Task objective: Would you return the data below exactly as it stands, with every picture left out?

Stored data:
● ● ●

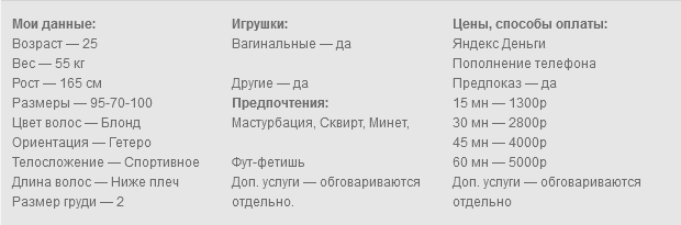 Готова исполнить твои самые сокровенные желания по скайпу. Делаю фото и видео. Обожаю играть в разные игры. Могу быть податливой или стать твоей госпожой. Сделаю всё, чтобы ты кончил. Работаю с лицом, есть качественная камера и профессиональное освещение.
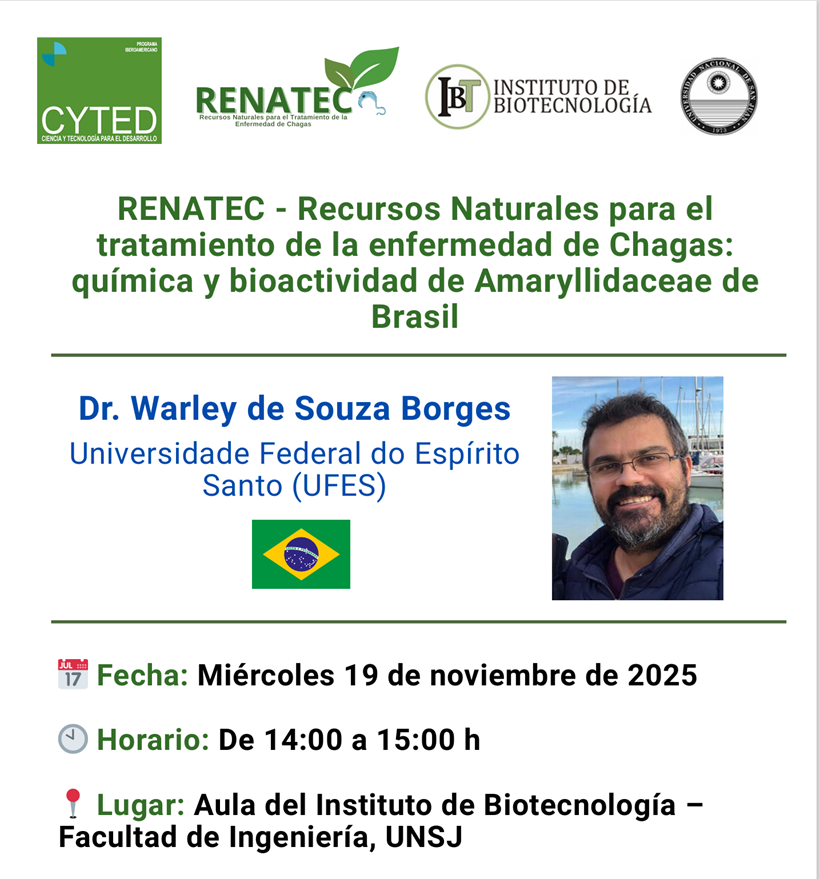 En el marco de la tematica que se desarrolla en la RED RENATEC Area Salud CYTED, la movilidad desde el grupo de Colombia (que coordinan Dr Edison Osorio y Omar Triana), la presentacion estuvo relacionada a los avances recientes sobre el estudio y potencial bioactivo de los alcaloides de amarilidaceas para encontrar moleculas que tengan potencial bioactivo frente al parasito implicado en la Enfermedad de Chagas. Comento sobre resultados, metodos aplicados y el aislamiento y elucidacion de las moleculas identificadas.
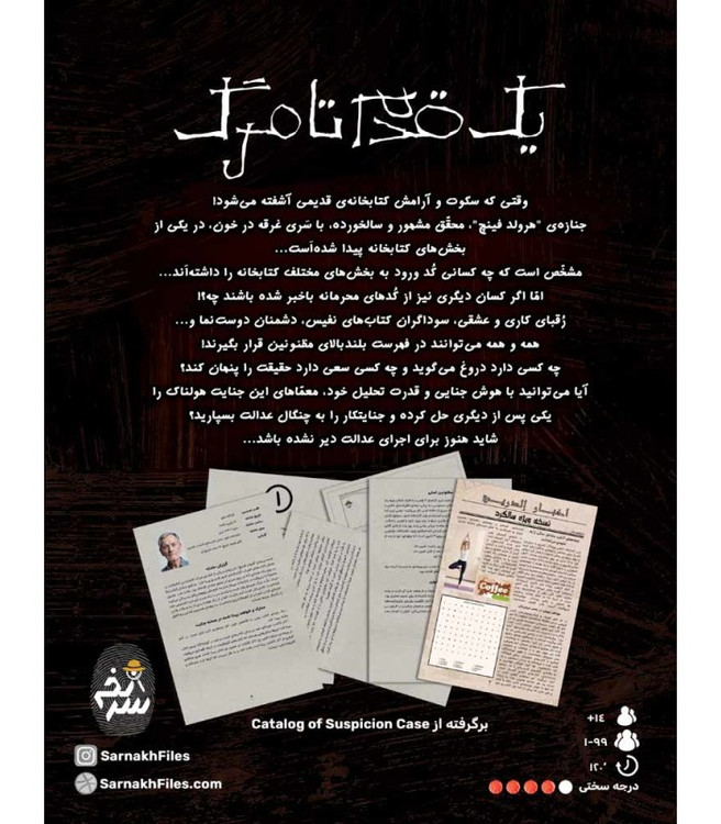 آيا ميتوانيد با هوش جنايي و قدرت تحليل خود، معمّاهاي اين جنايت هولناک را يکي پس از ديگري حل کرده و جنايتکار را به چنگال عدالت بسپاريد؟
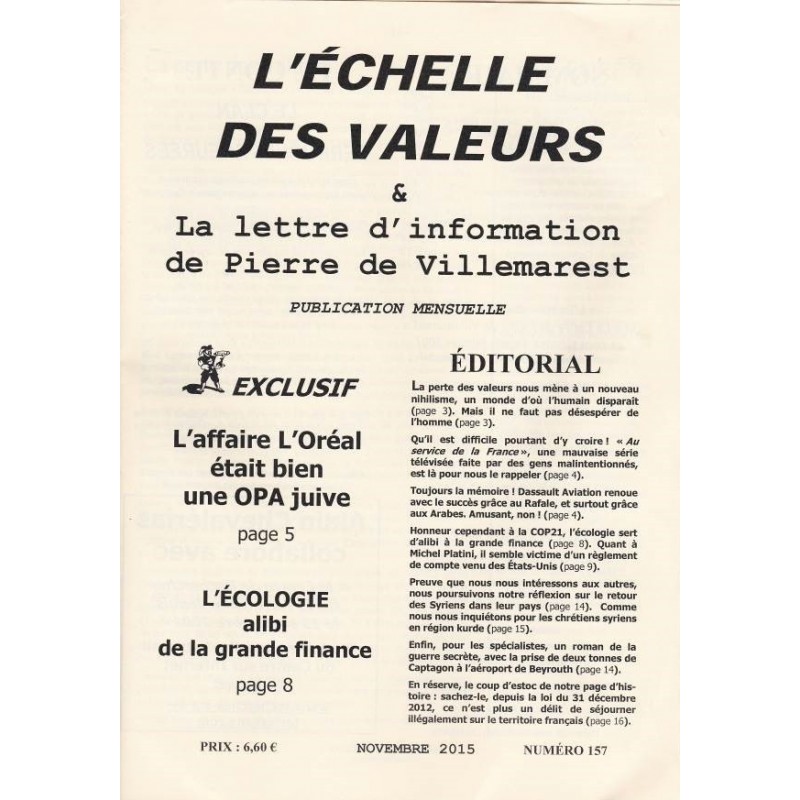 L'échelle des valeurs - novembre 2015

● ● ●

Output of the task:
 Готова исполнить твои самые сокровенные желания по скайпу. Делаю фото и видео. Обожаю играть в разные игры. Могу быть податливой или стать твоей госпожой. Сделаю всё, чтобы ты кончил. Работаю с лицом, есть качественная камера и профессиональное освещение.
 En el marco de la tematica que se desarrolla en la RED RENATEC Area Salud CYTED, la movilidad desde el grupo de Colombia (que coordinan Dr Edison Osorio y Omar Triana), la presentacion estuvo relacionada a los avances recientes sobre el estudio y potencial bioactivo de los alcaloides de amarilidaceas para encontrar moleculas que tengan potencial bioactivo frente al parasito implicado en la Enfermedad de Chagas. Comento sobre resultados, metodos aplicados y el aislamiento y elucidacion de las moleculas identificadas.
 آيا ميتوانيد با هوش جنايي و قدرت تحليل خود، معمّاهاي اين جنايت هولناک را يکي پس از ديگري حل کرده و جنايتکار را به چنگال عدالت بسپاريد؟
 L'échelle des valeurs - novembre 2015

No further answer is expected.